Which brings me to the importing of liberalism. I live in a country
that tends to be quite comfortable with authoritarianism. Canadians
really don't have that freedom-loving individualistic liberal streak. For
example, our RCMP (Royal Canadian Mounted Police, the equivalent
of your FBI) illegally bugged phones in 1973, and Canadians couldn't
have given a damn. The typical Canadian just said, "Go ahead, tap my
phone. I'm not doing anything wrong." We just don't have that civil
libertarian impulse. It all hails back to the fact that we shook hands
with the British instead of throwing them out. We had a very polite
revolution. This tendency is, by the way, not always positive, for it has
paved the way for other government excesses. However, it does create
a healthy psychological block against U.S.-styled liberalism.

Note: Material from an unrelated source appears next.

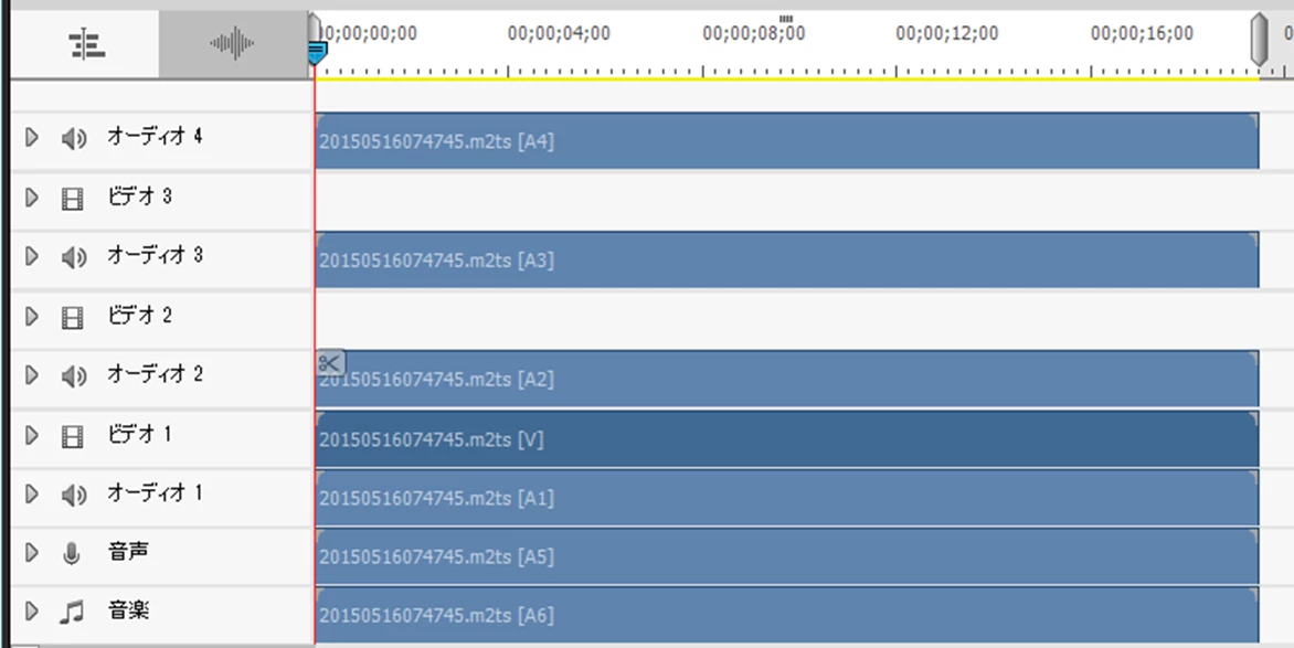 Adobe Premiere Elements2024を使用していますが、ビデオカメラでの撮影が5.1chの場合、ビデオを挿入するとオーディオが複数行挿入されるというということはわかったのですが、私はインストール後、試行錯誤しているうちに上記のように5..1chにもかかわらずビデオ1とオーディオ1のみの挿入ができたみたいなのですが・・・。挿入すると常にこのような状態にする方法はあるのでしょうか?自分でもどのようにやったのかがわからず困っております。オーディオとビデオのリンク解除を行ったわけではありません。

Canada just got a brand new Charter of Rights, something like your
Constitution. With any luck we may be able to avoid importing into
Canada the liberalism that has been carved into the legal tradition of
your country for the past 200 years. So far, almost all the charter chal­
lenges based on a freedom of speech claim have failed in our courts.

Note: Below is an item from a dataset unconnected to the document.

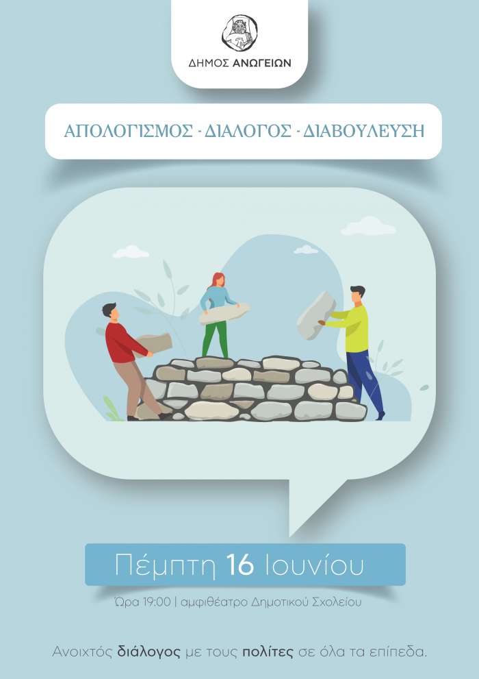 Όλους τους δημότες των Ανωγείων, καλεί ο δήμαρχος Σωκράτης Κεφαλογιάννης την Πέμπτη 16 Ιουνίου, στις 7 μ.μ στο Αμφιθέατρο του δημοτικού σχολείου, για μια συζήτηση για τα θέματα που τους απασχολούν, τις προτεραιότητες και τις ανάγκες τους, αλλά και ένα απολογισμό της μέχρι σήμερα δημοτικής θητείας. “Απολογισμός, διάλογος, διαβούλευση.” αναφέρει ο δήμαρχος Ανωγείων, που απευθύνεται στον κόσμο, ζητώντας την κριτική του, αλλά και ιδέες που θα μπορούσαν να φανούν χρήσιμες εφόσον θα μπορούσαν να υλοποιηθούν.
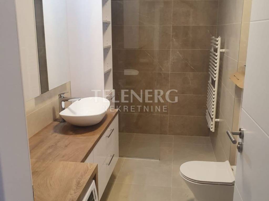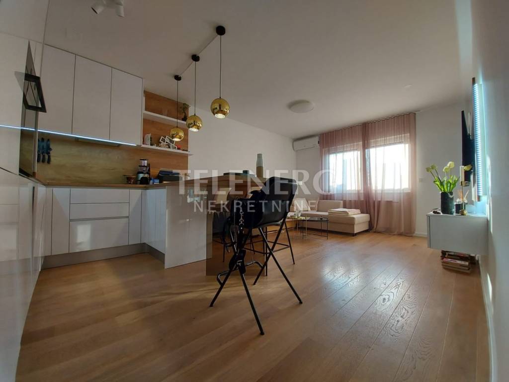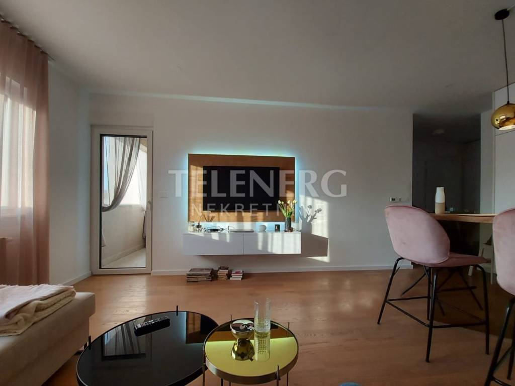 Iznajmljuje se dvosoban moderan stan u novogradnji površine 62 m², smješten na 5. katu zgrade, s uključenim garažnim parkirnim mjestom na -1 etaži odmah pored lifta.

The Customs Tariff was brought before the courts and though the law
was judged to be too vague, the ruling made it clear that a Canadian
democracy would tolerate restrictions on freedom of expression.
We have been able to stem the tide of freedom of speech absolutism.
But we are having a harder time with another liberal value: freedom of
sex. You will have heard these values espoused in the pornography
debate in that wishy-washy claim that it is not the sex in pornography
we mind; it's the violence. You've heard this, haven't you? We love
sex. We hate violence. Well, all of that doesn't take into account that
the violence is there for sex, and it completely avoids the conditions of
women used in that so-called "just sex" type of pornography.
We found out how dangerous that avoidance can be in a recent ob­
scenity decision made in Canada. We had a judge who had obviously
been listening to those feminists who tout the "give us sex but spare
us the violence" line. He had been listening to all those liberal plati­
tudes about consent, and in a mad moment decided that he would look
at a picture and decide on its face whether it was obscene. And he
looked at the pornography and said, "This is not obscene because I see
consent on the screen. I see it in the woman smiling." Guess what
movie he was looking at? Deep Throat.
So we have a case in Canada in which Deep Throat has been judged
not to be obscene. Why? For a number of reasons: Because the judge
was looking only at the images on the screen instead of considering
the practice of subordination on which pornography thrives. [Linda
"Lovelace" Marchiano's book Ordeal tells the brutal truth about Deep
Throat.] Because he was listening to pseudofeminists who were refus­
ing to analyze sexuality. Because he was listening to pseudofeminists
who consider prostitution a profession freely chosen instead of an in­
stitution of sexual abuse. Because in some cases in Canada, these pseudo­
feminists have actually gone to court to defend pornography against
obscenity charges.
It strikes me that our movement has to confront these tendencies.
We have to be able to say that speech is not more important than wom­
en's lives. We have to stop celebrating "consent" when we address
prostitution and start noticing the gender breakdown in the so-called
sex trade, especially the painfully obvious questions about who is buy­
ing and who is being sold. And we have to avoid the easy liberal path
to pro-sex politics and be sex-critical instead. These views may not be
especially popular in our hypersexualized culture, but they are the wave
of feminism's future.

REFERENCES
Knafka, C. L. (1985). Sexually explicit, sexually violent and violent media: The effects of
multiple naturalistic exposure and debriefing on female viewers. Unpublished Ph.D.
dissertation, University of Madison, Wisconsin.
Lovelace, Linda. (1980). Ordeal, New York: Citadel.
MacKinnon, Catharine A. (1984). Not a moral issue. Yale Law and Policy Review, 2.
Russell, Diana E. H. (1982). Rape in marriage. New York: Macmillan.
Stock, Wendy. (1983). The effects of violent pornography on women. Paper presented at
the American Psychological Association meeting.